• **RECORDS SHOWN**
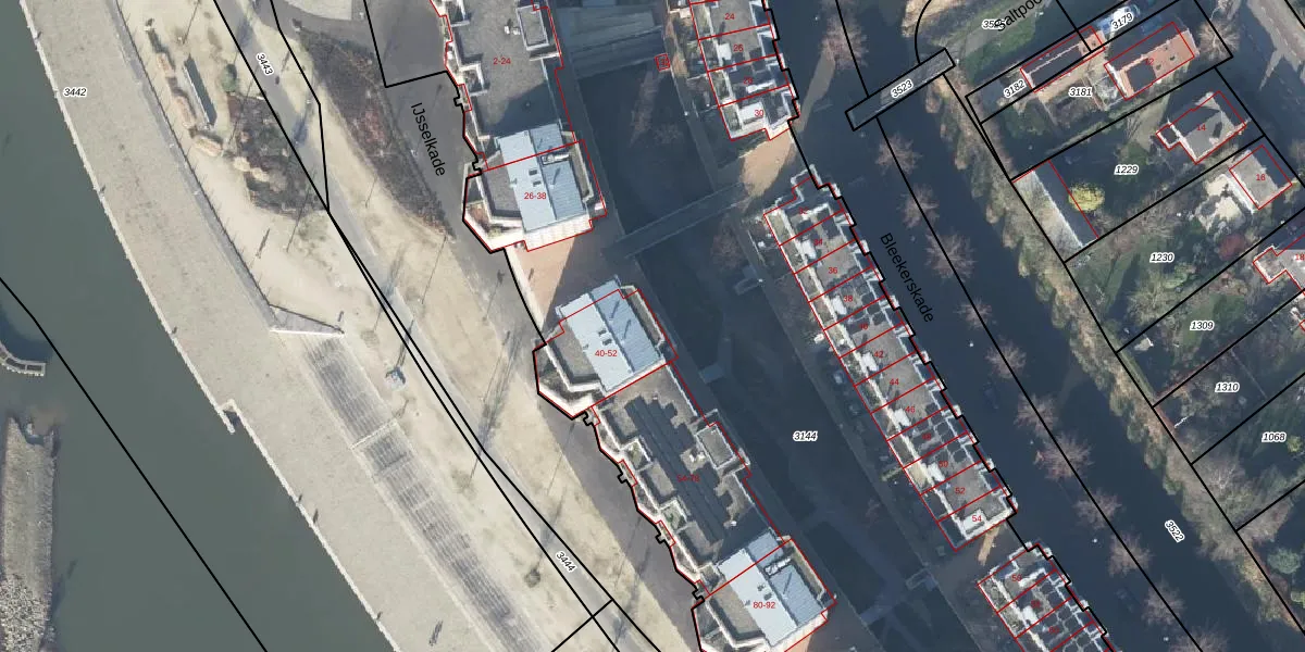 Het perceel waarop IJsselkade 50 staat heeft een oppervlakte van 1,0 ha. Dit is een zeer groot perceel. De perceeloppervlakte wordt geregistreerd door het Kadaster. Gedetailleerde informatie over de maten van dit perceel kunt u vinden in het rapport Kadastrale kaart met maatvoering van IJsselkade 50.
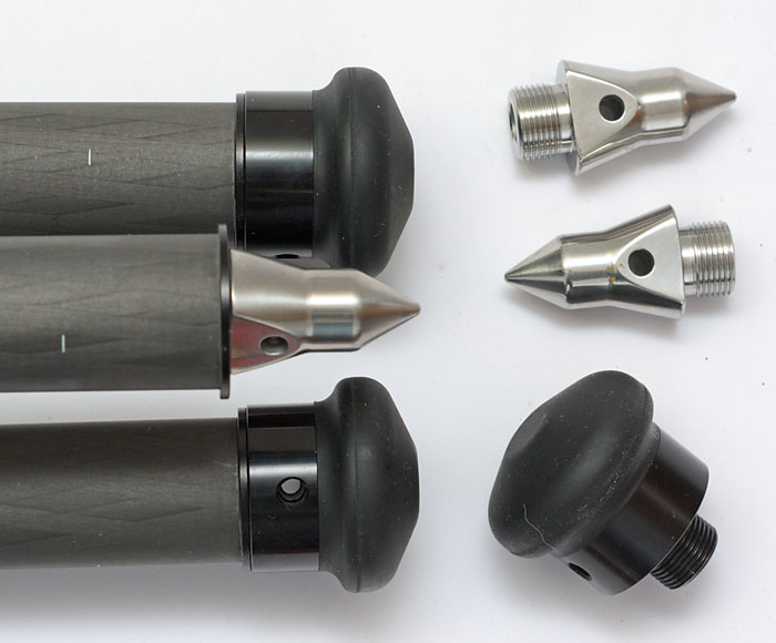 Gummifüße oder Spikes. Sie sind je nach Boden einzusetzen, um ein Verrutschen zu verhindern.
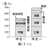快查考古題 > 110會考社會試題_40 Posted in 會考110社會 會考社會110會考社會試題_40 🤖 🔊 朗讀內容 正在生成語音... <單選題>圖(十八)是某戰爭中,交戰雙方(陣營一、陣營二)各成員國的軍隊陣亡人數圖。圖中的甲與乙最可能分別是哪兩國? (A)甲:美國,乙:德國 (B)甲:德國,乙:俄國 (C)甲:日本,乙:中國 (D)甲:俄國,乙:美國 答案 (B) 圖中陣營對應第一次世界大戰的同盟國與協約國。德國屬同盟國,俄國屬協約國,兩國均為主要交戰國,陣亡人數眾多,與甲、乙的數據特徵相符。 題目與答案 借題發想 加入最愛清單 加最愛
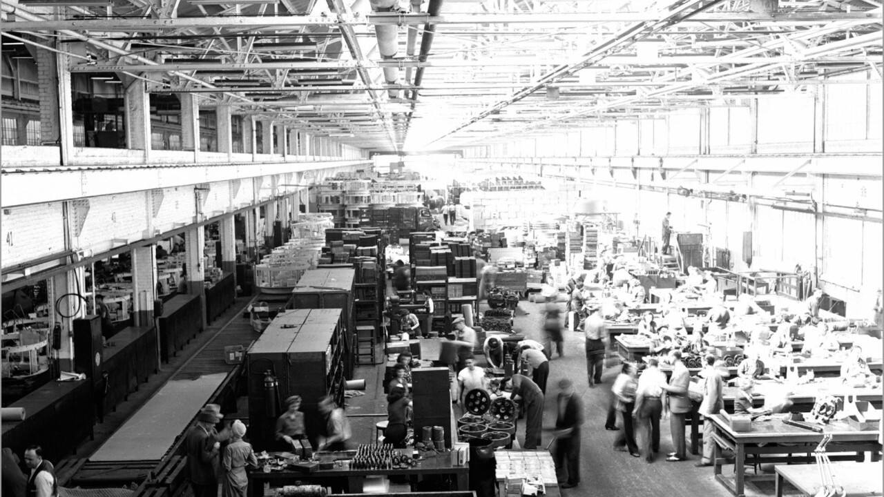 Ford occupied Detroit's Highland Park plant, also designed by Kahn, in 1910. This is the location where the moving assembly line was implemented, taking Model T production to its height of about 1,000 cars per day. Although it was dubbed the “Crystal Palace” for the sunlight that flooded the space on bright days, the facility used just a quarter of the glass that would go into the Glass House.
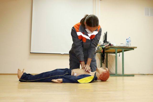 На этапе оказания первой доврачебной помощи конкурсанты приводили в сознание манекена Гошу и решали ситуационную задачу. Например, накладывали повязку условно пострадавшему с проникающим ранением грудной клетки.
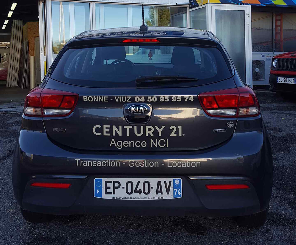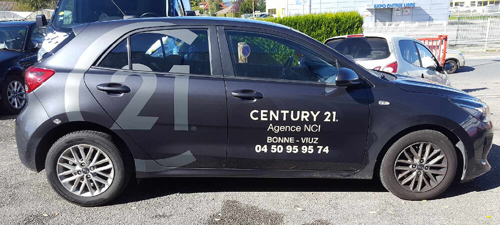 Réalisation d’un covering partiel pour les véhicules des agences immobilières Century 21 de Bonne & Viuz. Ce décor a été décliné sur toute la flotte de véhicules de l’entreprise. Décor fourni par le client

• **TASK OBJECTIVE**
Set down exactly, from the line that contains "Ford occupied Detroit's" through the last line of the data, each line as it stands, and leave the pictures out.

• **ANSWER SECTION**
 Ford occupied Detroit's Highland Park plant, also designed by Kahn, in 1910. This is the location where the moving assembly line was implemented, taking Model T production to its height of about 1,000 cars per day. Although it was dubbed the “Crystal Palace” for the sunlight that flooded the space on bright days, the facility used just a quarter of the glass that would go into the Glass House.
 На этапе оказания первой доврачебной помощи конкурсанты приводили в сознание манекена Гошу и решали ситуационную задачу. Например, накладывали повязку условно пострадавшему с проникающим ранением грудной клетки.
 Réalisation d’un covering partiel pour les véhicules des agences immobilières Century 21 de Bonne & Viuz. Ce décor a été décliné sur toute la flotte de véhicules de l’entreprise. Décor fourni par le client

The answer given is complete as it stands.